Problem »
All of the listing should be output exactly, apart from the pictures.

Records for this task »
****************
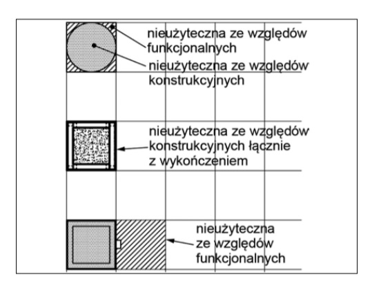 Przyczynami powodującymi utratę przez pewne fragmenty powierzchni cech umożliwiających normalne ich użytkowania mogą być zarówno względy funkcjonalne, jak i względy konstrukcyjne. Wynikiem tego jest wyodrębnienie dwóch rodzajów powierzchni nieużytecznej, a mianowicie: powierzchni nieużytecznej ze względów funkcjonalnych i powierzchni nieużytecznej ze względów konstrukcyjnych. Na prezentowanych rysunkach, przeniesionych bezpośrednio z normy [1], zaznaczone są te dwa rodzaje powierzchni nieużytecznej. W artykule ograniczono się do szczegółowego omówienia powierzchni nieużytecznej ze względów funkcjonalnych.
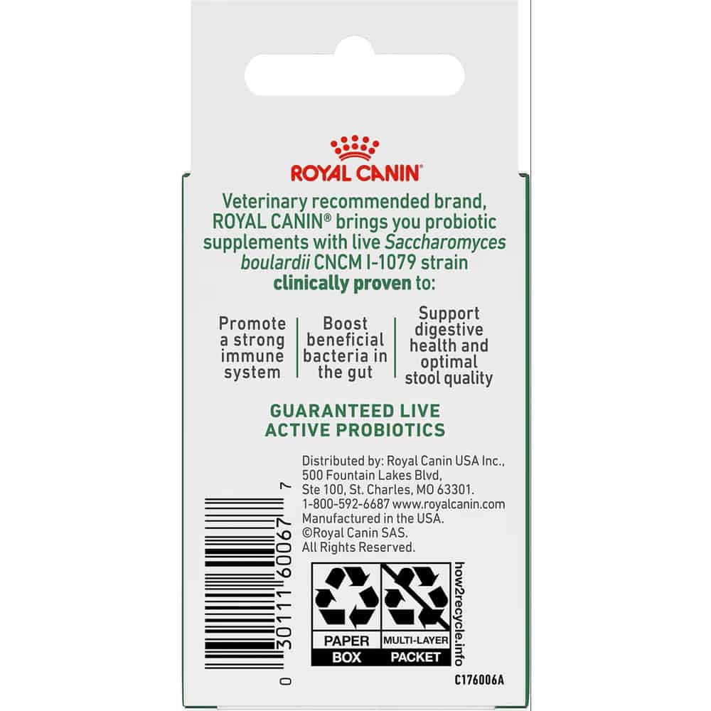 Royal Canin Probiotics Digestive and Immune Health Powder Supplement for Dogs is a convenient and delicious powder probiotic supplement that supports gut health, balance, and immunity in dogs. Each packet contains guaranteed, live Saccharomyces boulardii probiotics to improve stool quality and maintain a healthy microbiome. Simply sprinkle on wet or dry food for easy daily use. Great for dogs with sensitive stomachs or during stress-related digestive changes. Available in packs of 7 or 30 packets.
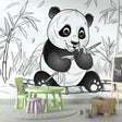 Papier Peint Mural Panda | Design Forêt de Bambous Noir et Blanc
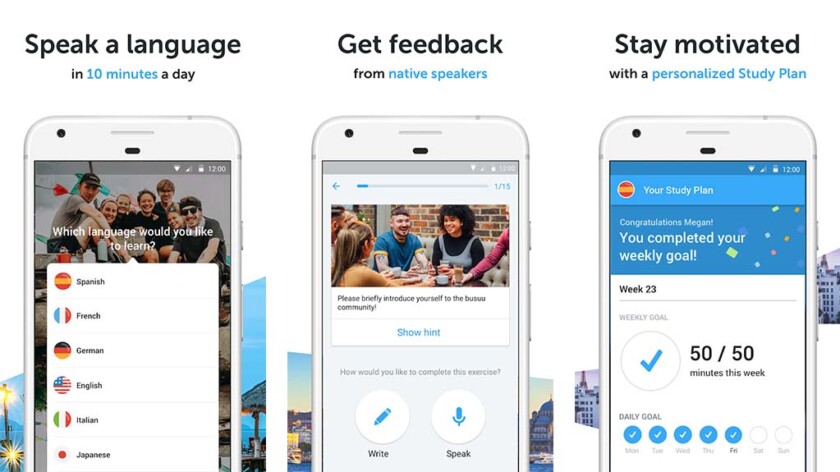 Busuu là một trong ứng dụng học tiếng Anh phổ biến nhất hiện nay. Ứng dụng này cũng hỗ trợ nhiều ngôn ngữ khác. Busuu mang đến cho người dùng những bài học từ vựng - ngữ pháp theo kiểu truyền thống, bao gồm ngữ pháp, chính tả, từ, cụm từ và tiếng Anh đàm thoại.
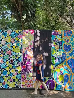 ☕ A cozy cafe decorated with batik fabrics and colored canvas.
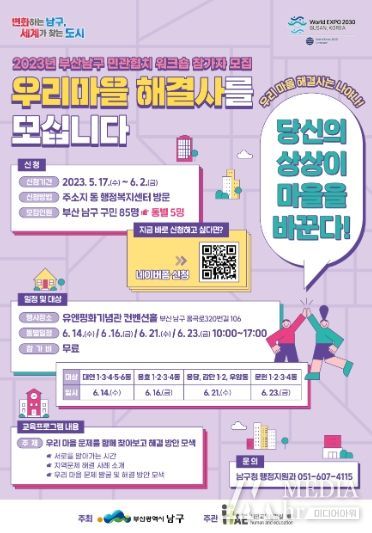 미디어아워 조연정 기자 | 부산 남구는 5월 17일부터 6월 2일까지 '2023년 민관협치 워크숍'에 참여할 시민들을 모집한다.
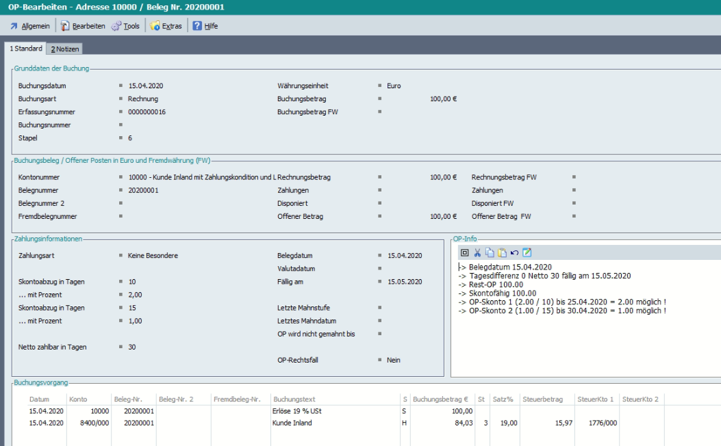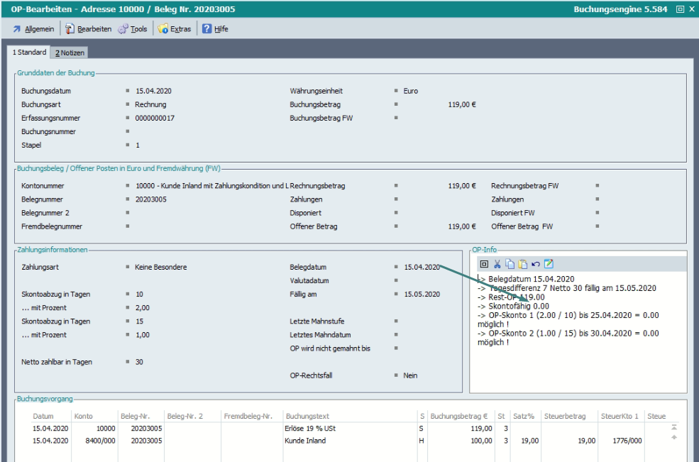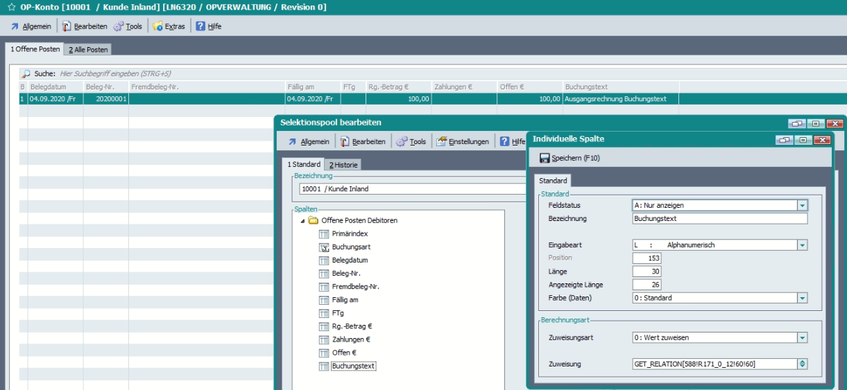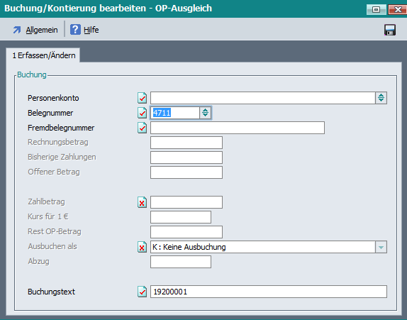 Wenn im Dialog „Buchung/Kontierung bearbeiten – OP-Ausgleich“ eine ungültige Belegnummer eingetragen wird, werden weitere Felder der Maske „Auf Anzeige“ gesetzt.
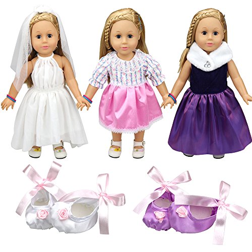 -. Feature : Package: 3* Different Dresses + 2*Satin Shoes + 1*Shawl + 1*Veil (Dolls are not Included) / Materials: High Quality Fabrics and Cotton, Easy to Put On, Machine Washable. / Delivery: Fulfillment by Amazon, Get It in 1-3 Days! / Fits For 18 Inches Doll Perfectly (including American Girl Dolls, Madame Alexander My Life As Doll, etc.) / Appeared Well Made and Quite Cute,Christmas Gift and Birthday Gift for Children, Especially Little Girls. Suitable for Parents to Do Some Parenting Practice and Helpful for Children to Develop a Good Habit of Self-reliance.
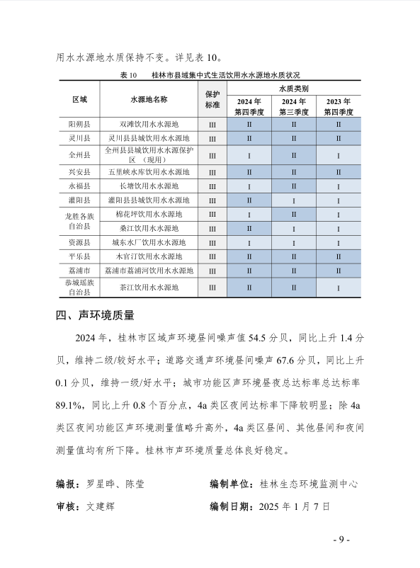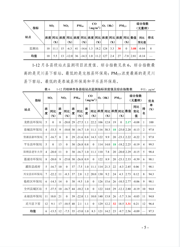 桂林市生态环境质量状况月报(2024年12月份)
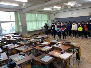 5年生は「6年生を送る会」のリハーサルです。カメラに収めて自分たちの様子を見ながら確認します。
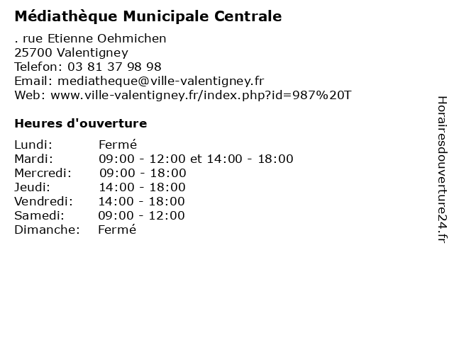 | Mardi | 09:00-12:00 et 14:00-18:00 |
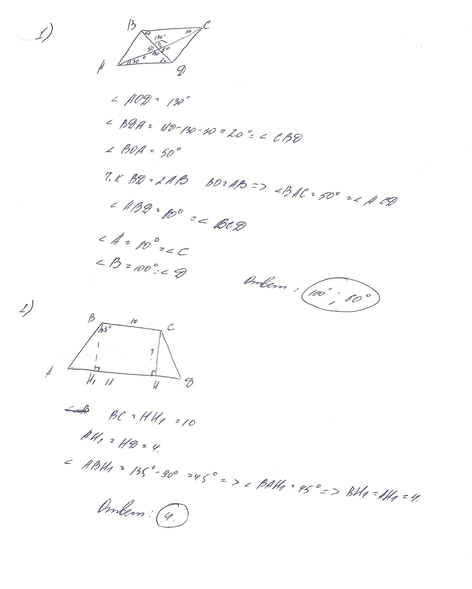 1)В параллелограмме ABCD диагонали пересекаются в точке О, угол СОВ= 130 градусов, угол САD=30 градусов и BD=2АВ.Найдите углы параллелограмма. 2)В равнобедренной трапеции ABCD с основаниями BC и AD угол B=135 градусов, BC=10, AD=18.Найдите высоту трапеции.
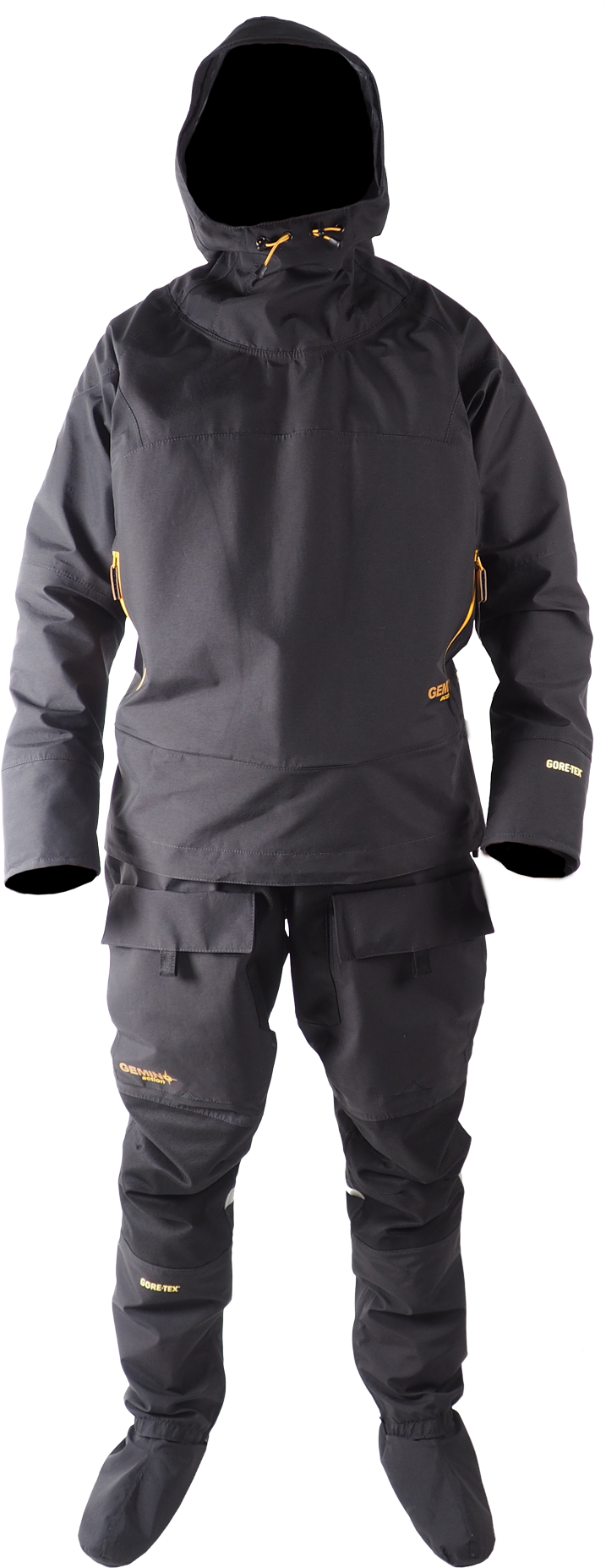 Ursuit Gemino Action er en todelt tørrdrakt med patentert YKK Zip-Lock glidelåsløsning, designet for allsidig bruk på vannet. Gore-Tex® Taslan-stoffet gjør drakten lett og slitesterk, og Cordura-forsterkninger på knær, albuer, skritt og sete beskytter mot slitasje.
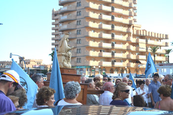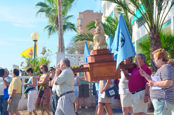 Las banderas de la Virgen del Carmen acompañaban a la imagen. |
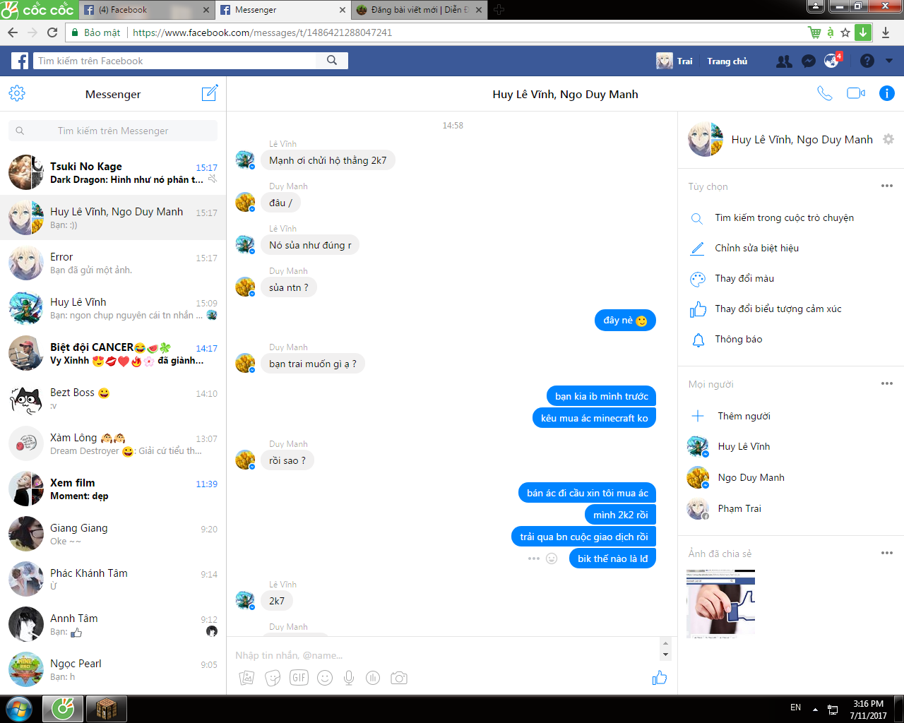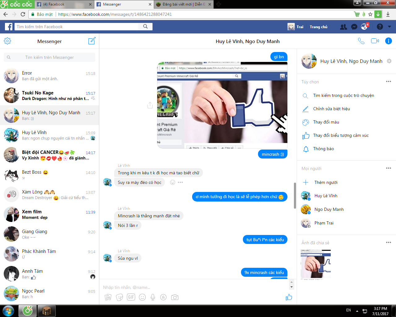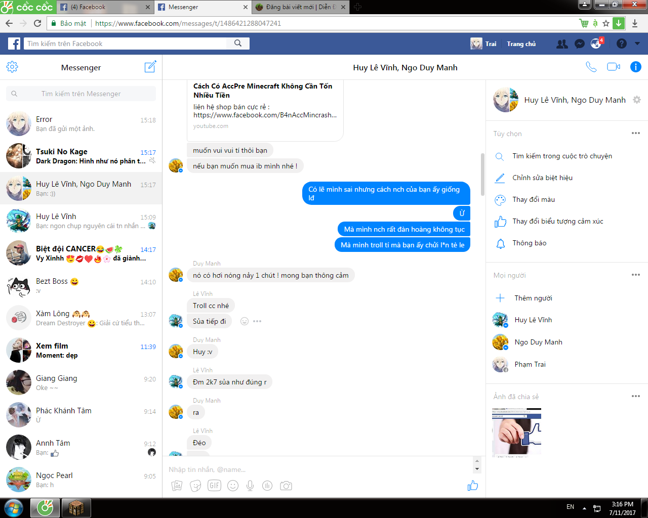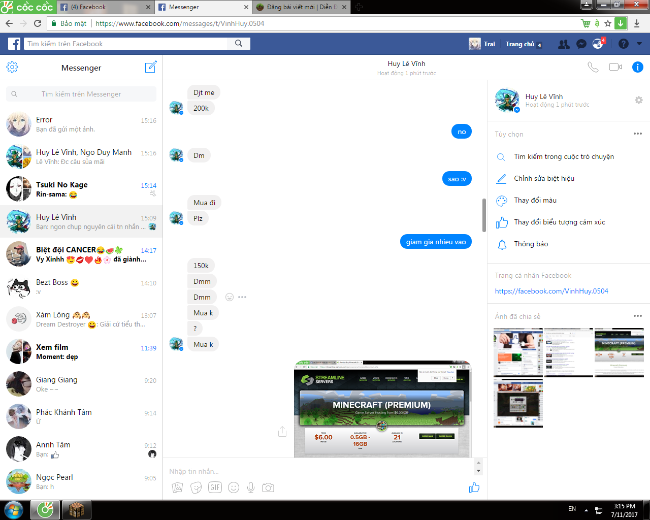 Tóm tắt: Ban đầu bạn trẻ này đi bán ác ác minecraft giá 250k , rank đồ các kiểu , nhìn cái cách bán hàng cầu xin khách hàng , cách nói chuyện là mình biết lừa đảo rồi ;v nên mình tổ lái troll nó hạ giá chơi , bán đéll được đâm ra chửi mẹ người khác , nói tục các kiểu
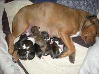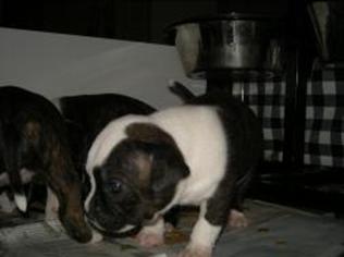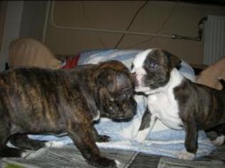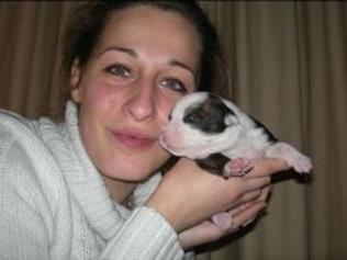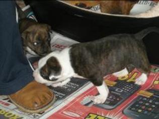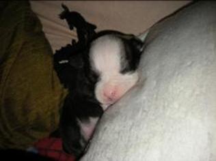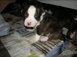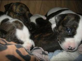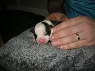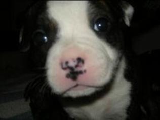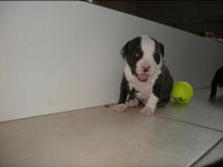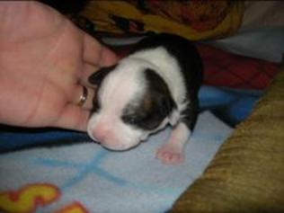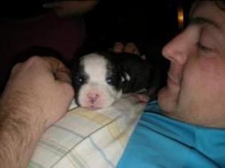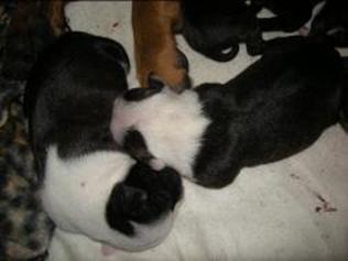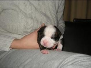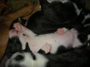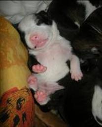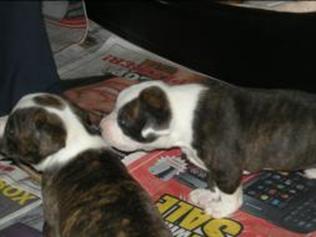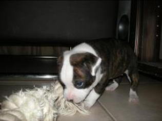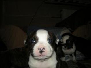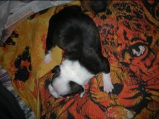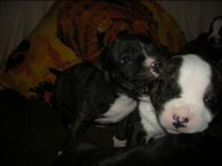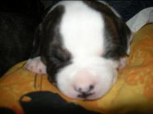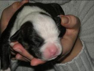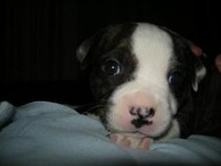 Puppy dossier: Breed: Staffordshire Bull Terrier Born: 07-01-2010 Sex: Female Weight: (03 Feb) 1720 grams Color: Black/ Brindle with white head and two black eyes |
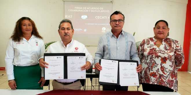 Con la firma de colaboración realizada entre el Instituto de Educación para Adultos de Tabasco (IEAT) y el Centro de Capacitación para el Trabajo Industrial (CECATI) número 44 del municipio de Cárdenas, se fortalecen los conocimientos y habilidades de las personas de 15 años y más que concluyen algún nivel de su educación básica en busca de crear mejores oportunidades de desarrollo.
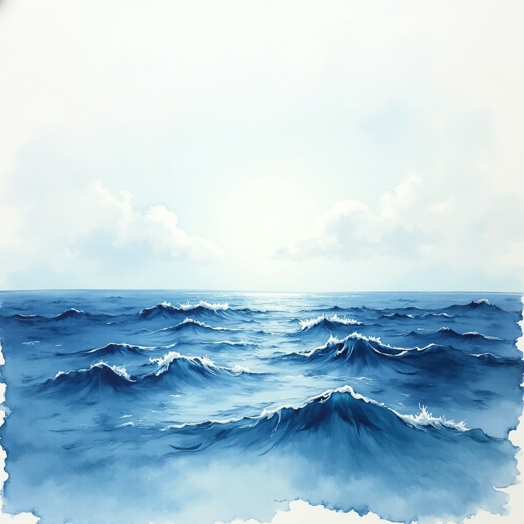 The ocean’s vastness and mystery can be beautifully captured with ink wash. Imagine the gentle waves and distant horizon, all painted in soft blues and greys.
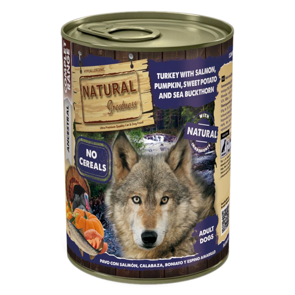 Natural Greatness Pavo con Salmón, Calabaza, Boniato y Espino Amarillo – Alimento húmedo completo para perros (400 g)
****************
Solved problem »
 Przyczynami powodującymi utratę przez pewne fragmenty powierzchni cech umożliwiających normalne ich użytkowania mogą być zarówno względy funkcjonalne, jak i względy konstrukcyjne. Wynikiem tego jest wyodrębnienie dwóch rodzajów powierzchni nieużytecznej, a mianowicie: powierzchni nieużytecznej ze względów funkcjonalnych i powierzchni nieużytecznej ze względów konstrukcyjnych. Na prezentowanych rysunkach, przeniesionych bezpośrednio z normy [1], zaznaczone są te dwa rodzaje powierzchni nieużytecznej. W artykule ograniczono się do szczegółowego omówienia powierzchni nieużytecznej ze względów funkcjonalnych.
 Royal Canin Probiotics Digestive and Immune Health Powder Supplement for Dogs is a convenient and delicious powder probiotic supplement that supports gut health, balance, and immunity in dogs. Each packet contains guaranteed, live Saccharomyces boulardii probiotics to improve stool quality and maintain a healthy microbiome. Simply sprinkle on wet or dry food for easy daily use. Great for dogs with sensitive stomachs or during stress-related digestive changes. Available in packs of 7 or 30 packets.
 Papier Peint Mural Panda | Design Forêt de Bambous Noir et Blanc
 Busuu là một trong ứng dụng học tiếng Anh phổ biến nhất hiện nay. Ứng dụng này cũng hỗ trợ nhiều ngôn ngữ khác. Busuu mang đến cho người dùng những bài học từ vựng - ngữ pháp theo kiểu truyền thống, bao gồm ngữ pháp, chính tả, từ, cụm từ và tiếng Anh đàm thoại.
 ☕ A cozy cafe decorated with batik fabrics and colored canvas.
 미디어아워 조연정 기자 | 부산 남구는 5월 17일부터 6월 2일까지 '2023년 민관협치 워크숍'에 참여할 시민들을 모집한다.
 Wenn im Dialog „Buchung/Kontierung bearbeiten – OP-Ausgleich“ eine ungültige Belegnummer eingetragen wird, werden weitere Felder der Maske „Auf Anzeige“ gesetzt.
 -. Feature : Package: 3* Different Dresses + 2*Satin Shoes + 1*Shawl + 1*Veil (Dolls are not Included) / Materials: High Quality Fabrics and Cotton, Easy to Put On, Machine Washable. / Delivery: Fulfillment by Amazon, Get It in 1-3 Days! / Fits For 18 Inches Doll Perfectly (including American Girl Dolls, Madame Alexander My Life As Doll, etc.) / Appeared Well Made and Quite Cute,Christmas Gift and Birthday Gift for Children, Especially Little Girls. Suitable for Parents to Do Some Parenting Practice and Helpful for Children to Develop a Good Habit of Self-reliance.
 桂林市生态环境质量状况月报(2024年12月份)
 5年生は「6年生を送る会」のリハーサルです。カメラに収めて自分たちの様子を見ながら確認します。
 | Mardi | 09:00-12:00 et 14:00-18:00 |
 1)В параллелограмме ABCD диагонали пересекаются в точке О, угол СОВ= 130 градусов, угол САD=30 градусов и BD=2АВ.Найдите углы параллелограмма. 2)В равнобедренной трапеции ABCD с основаниями BC и AD угол B=135 градусов, BC=10, AD=18.Найдите высоту трапеции.
 Ursuit Gemino Action er en todelt tørrdrakt med patentert YKK Zip-Lock glidelåsløsning, designet for allsidig bruk på vannet. Gore-Tex® Taslan-stoffet gjør drakten lett og slitesterk, og Cordura-forsterkninger på knær, albuer, skritt og sete beskytter mot slitasje.
 Las banderas de la Virgen del Carmen acompañaban a la imagen. |
 Tóm tắt: Ban đầu bạn trẻ này đi bán ác ác minecraft giá 250k , rank đồ các kiểu , nhìn cái cách bán hàng cầu xin khách hàng , cách nói chuyện là mình biết lừa đảo rồi ;v nên mình tổ lái troll nó hạ giá chơi , bán đéll được đâm ra chửi mẹ người khác , nói tục các kiểu
 Puppy dossier: Breed: Staffordshire Bull Terrier Born: 07-01-2010 Sex: Female Weight: (03 Feb) 1720 grams Color: Black/ Brindle with white head and two black eyes |
 Con la firma de colaboración realizada entre el Instituto de Educación para Adultos de Tabasco (IEAT) y el Centro de Capacitación para el Trabajo Industrial (CECATI) número 44 del municipio de Cárdenas, se fortalecen los conocimientos y habilidades de las personas de 15 años y más que concluyen algún nivel de su educación básica en busca de crear mejores oportunidades de desarrollo.
 The ocean’s vastness and mystery can be beautifully captured with ink wash. Imagine the gentle waves and distant horizon, all painted in soft blues and greys.
 Natural Greatness Pavo con Salmón, Calabaza, Boniato y Espino Amarillo – Alimento húmedo completo para perros (400 g)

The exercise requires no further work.